The Office of Electricity’s (OE) Energy Storage Division accelerates bi-directional electrical energy storage technologies as a key component of the future-ready grid. The Division supports applied materials development to identify safe, low-cost, and earth-abundant elements that enable cost-effective long-duration storage. The division also supports early adoption by improving storage reliability and safety, applying modeling and analysis, and validating performance for rapid commercialization.
The future grid will need to accommodate growing supply volatility from intermittent resources and quickly evolving fuel infrastructures, as well as increased demand-side functionality with distributed energy resources and the electrification of transportation, buildings, and industry.

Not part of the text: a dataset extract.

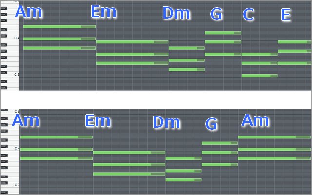 またAm-Emの進行は、管理人的にはAm-Fを連発して飽きてきたときに使っています(自社コンテンツ・依頼があったとき、どちらも)。

These trends will create significant new opportunities for technologies that decouple legacy dependencies and increase grid flexibility. These changes are accelerated by technical and economic forces, National and state policies, and recent legislation, including the Bipartisan Infrastructure Act and the Inflation Reduction Act. OE’s energy storage research and leadership roles in DOE’s cross-cutting collaboration efforts will ensure that grid-scale energy storage is able to meet the demands of this new era in electricity delivery.
Eric Hsieh is Deputy Assistant Secretary for the Energy Storage Division in DOE’s Office of Electricity. He co-leads the crosscutting Energy Storage Grand Challenge and Long-Duration Storage Energy Earthshot and previously held positions at Nexans, A123 Systems, and the Federal Energy Regulatory Commission. Mr. Hsieh received degrees in Public Policy from UC Berkeley and Computer Science from MIT.
Mohamed Kamaludeen is the Director of Energy Storage Validation at the Office of Electricity (OE), U.S. Department of Energy. His team in OE leads the nation’s energy storage effort by validating and bringing technologies to market. This includes designing, executing, and evaluating a RD&D portfolio that accelerates commercial adoption of next-generation grid storage technologies.
Dr. Caitlin Callaghan is the Director of Storage Materials & Systems. Her team evaluates and advances high-potential energy storage technologies to reach the prototype stage. This includes identifying future supply chain and workforce requirements and leveraging DOE-wide efforts to serve expected deployment targets.